I understand that I need to use : operator to represent a variable in an unevaluated expression in Julia. But I am confused as to why I am using : to get column name here - the column name do not appear to be an unevaluated expression.
using RDatasets, MLJ
iris = dataset("datasets", "iris")
iris2 = coerce(iris, :Species=> OrderedFactor) # This line
Is it possible to refer to a column name here without using unevaluated expression?
: doesn’t create an unevaluated expression, it creates a Symbol, which is a more widely-used type. You can learn more about it here:
The type of object used to represent identifiers in parsed julia code (ASTs). Also often used as a name or label to
identify an entity (e.g. as a dictionary key). Symbols can be entered using the : quote operator:
julia> x = 42
Symbols can also be constructed from strings or other values by calling the constructor Symbol(x...).
Symbols are immutable and should be compared using ===. The implementation re-uses the same object for all Symbols
with the same name, so comparison tends to be efficient (it can just compare pointers).
Unlike strings, Symbols are "atomic" or "scalar" entities that do not support iteration over characters.
julia > dump(:(2+2))
head: Symbol call
1: Symbol +
2: Int64 2
3: Int64 2
From the last line is appears Symbol can be a part of expression.
Symbols are replaced with the value they are referring to when evaluated.
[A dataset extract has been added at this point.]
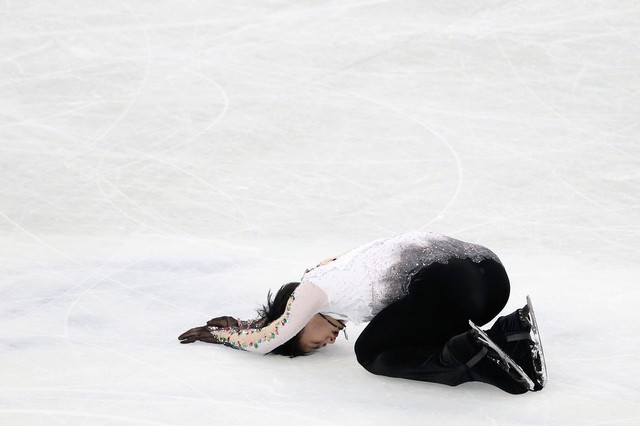 羽生望向看台四周,微微一笑,眼神中充满了力量。他照例的弯下身摸了摸冰面,可是因为腹部缠了绷带,这个动作略显笨拙,起身的那一刻,舒晴看到了他脸上难忍疼痛的痛苦。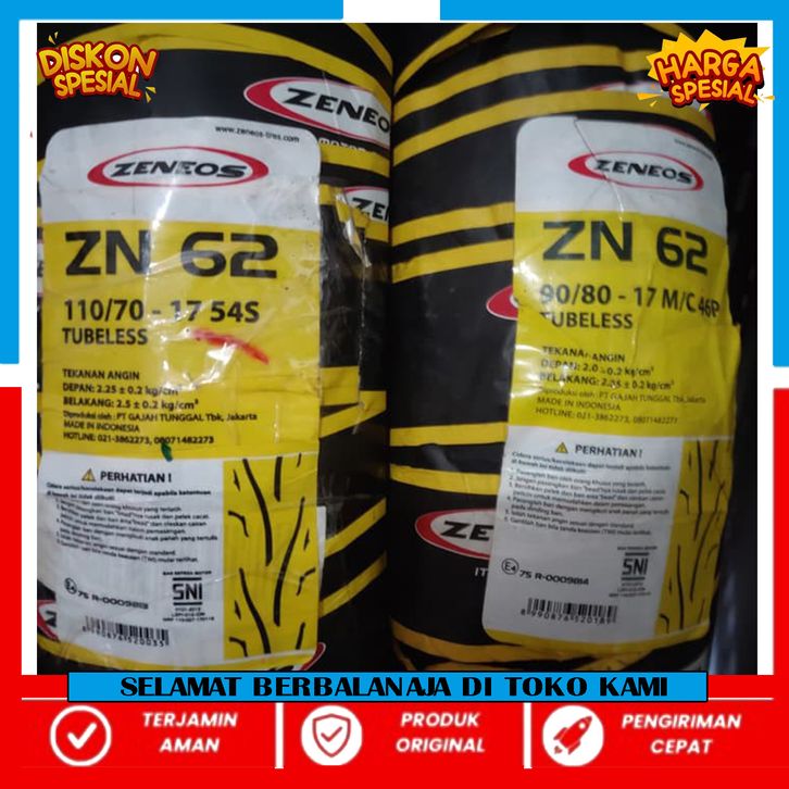 GROSIR/CICILAN PAKET BAN ZENEOS TUBELESS 90/80-17 DAN 110/70-17 ZN62 ZN 62 (2PCS)

But why we need the column name to go through parse > evaluation? Why can’t we use a string or iris.Species to denote the column name?
I’m not familiar with MLJ. But the reason this doesn’t work is because of the types and the way julia evaluate expressions.
is just a vector. There is no name attached to it. It’s totally forgotten that it ever came from a data frame. so the function coerce is given a data frame and then a vector with no name. That’s not a lot to work with.